Depois foi o jantar, a mesa cheia, e uma vez mais aconteceu o que sempre temo. Penso que estou a fazer o dobro da comida necessária mas, afinal, pouco sobrou. As doses de tudo são crescentes. Crescem e felizmente alimentam-se na devida proporção e os adultos felizmente também não se queixam de fastio. O apetite de todos enche-me de alegria. Sentam-se à mesa e comem de gosto. Quase todos se levantaram para repetir a dose. Nessas alturas a minha alegria tende para a preocupação não vá algum querer voltar a repetir e já não haver. 

E isto apesar do meu filho ter trazido uma sopa óptima, gostosa e consistente, de couves, feijão e carne. Tinham lá tido amigos ao almoço e como agora vão uns dias para fora, trouxe a sopa que sobrou.

Depois da cozinha arrumada, brincadeira na sala, todos na maior animação. Às escondidas, lutas, cantorias, imitações.

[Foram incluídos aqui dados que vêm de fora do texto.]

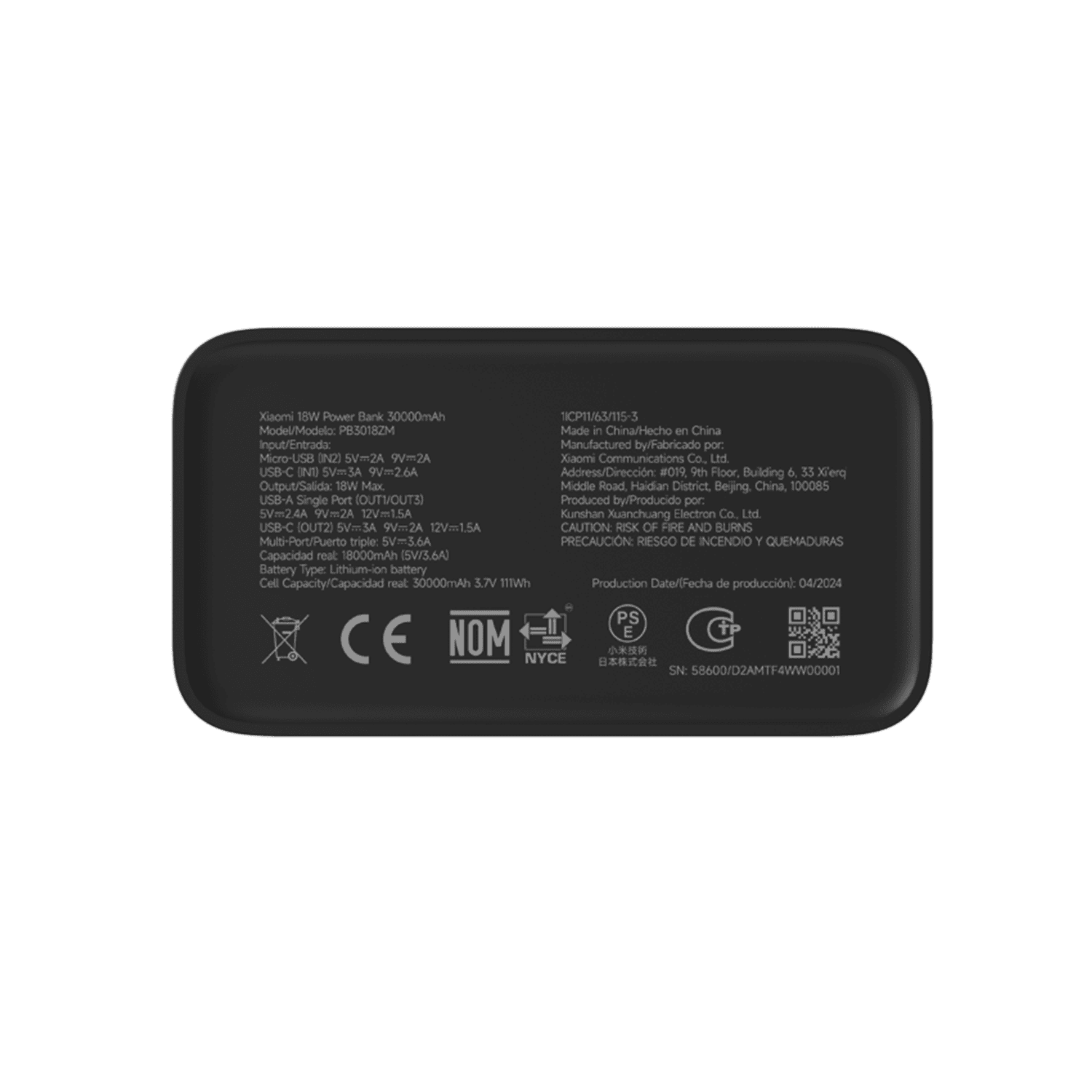 Obsah balenia: Xiaomi 18W Power Bank 30000mAh x1, Nabíjací kábel USB-C x1, Používateľská príručka x1

Agora a casa está silenciosa. O meu marido já dorme há um bom bocado. Disse que estava partido, que mal se podia mexer. Pudera. Como não? Jogou à bola durante mais de uma hora e vi-o a cair várias vezes, a atirar-se para evitar que a bola entrasse na baliza imaginária. Como sempre, estava de guarda-redes. Deve ser de quando jogava andebol. Ficou-lhe isso, gosta sempre de jogar à baliza. Curiosamente, dois dos meninos, na escola de futebol onde andam, também jogam à baliza. E têm jeito. A genética tem muita força, dizem.

E eu agora, enquanto escrevo, vejo a televisão e apercebo-me como o coronavírus está não apenas a arrefecer a economia como a transformar algumas cidades em cenários daqueles filmes de terror que nunca vejo. Quem diria que uma coisa destas poderia acontecer...? O mundo ameaçado por uma porcaria de um vírus. Nem na mais desvairada ficção isto poderia ser imaginado.

Bem. Vou descansar que daqui a nada o domingo já é dia e, por muito que eu goste de habitar os mistérios e os silêncios da noite, não posso depois ficar a dormir até a manhã ir alta. Portanto, fui.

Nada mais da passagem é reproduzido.